One of the things I saw that is really fantastic was this:
I was about 7 years into leading PagerDuty when I started realizing that I should consider bringing in an experienced executive to help me scale the business.
Alex demonstrated three increasingly rare, but critical, characteristics of a successful leader:
To be clear, I don’t have any relationship with Alex or PagerDuty. The conclusions I draw here are based on what I’ve read in the article.
There’s a chance I’ll be wrong about some things. But these traits are critical to company owners and leaders everywhere.
Alex demonstrated the posture of a humble leader.
By all external accounts, Alex has built a successful company. For 7 years before stepping down as CEO, Alex led a team to bring a vision to life.

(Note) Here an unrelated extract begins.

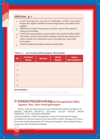 Tabel 4.7 Arti Penting Keberagaman Masyarakat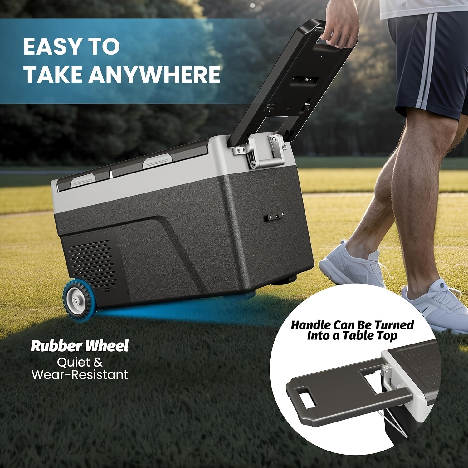 51 QT (48L) Portable Car Electric Cooler, 12V Refrigerator Fridge Freezer For Car, Dual Zone, -4F-68F, Wheels, AC\u002FDC Charger For Camping, Picnic, Travel, Road Trip, Black

PagerDuty provides an extremely valuable service for technology teams around the world.
I know few leaders who are willing to step down from the “top” job as CEO. Especially in the face of success like that.
The change is even more remarkable when I consider that Alex was (very likely) still an owner of the company when the transition happened.
The next thing that stood out was this:
I had to bite the bullet and set my own ego aside: I decided to replace myself as CEO.
Aided by his posture as a humble leader, Alex decided to replace himself.
What was it that compelled Alex to take such a dramatic action? It was the recognition that he wanted to “focus on product and engineering.”
Company founders often find themselves attending to administrative needs as the business grows. Most end up doing the “fun” parts after all the company building and management tasks are done. Dabbling in engineering or service delivery on nights and weekends usually contributes more to burnout than engagement and growth.
How can a founder maintain their status as the head of the company AND fuel the passion that led them to start the company in the first place?
Intentionally focusing on what you want is a key path to personal fulfillment and company success.
Two more statements leapt off the page:
I started thinking about bringing in…
I consulted with our advisors and board members to help…
Humility + Intention lead to Exploration.
True exploration isn’t possible if we decide, in advance, and then do the things that prove our point.
Alex started out thinking he’d need an experienced COO but learned some things that meant the path wasn’t going to work as he thought. Instead of giving up, he then explored what it would like to find a CEO.
With a posture of humility and an intention to make change happen, Alex was freed from the false burden of being “the one who knows everything”. There was less risk in asking for input from others — even when he put his own job on the line.
There’s still risk. I suspect there were many people who said that bringing in a new CEO was a terrible idea. And with the wrong person, it probably would have been. But with the right framework, risk is managed and great results are possible.
From the article, it looks like this transition happened about 3 years ago. In the time since, PagerDuty seems to be going strong. The team has accomplished many of the things Alex originally set out to do.
Alex has demonstrated that these 3 traits can lead to success.
As you reflect on the traits and a case study in success, I’m curious about these questions:
Are you willing to embrace true humility, intention, and exploration for the success of your vision?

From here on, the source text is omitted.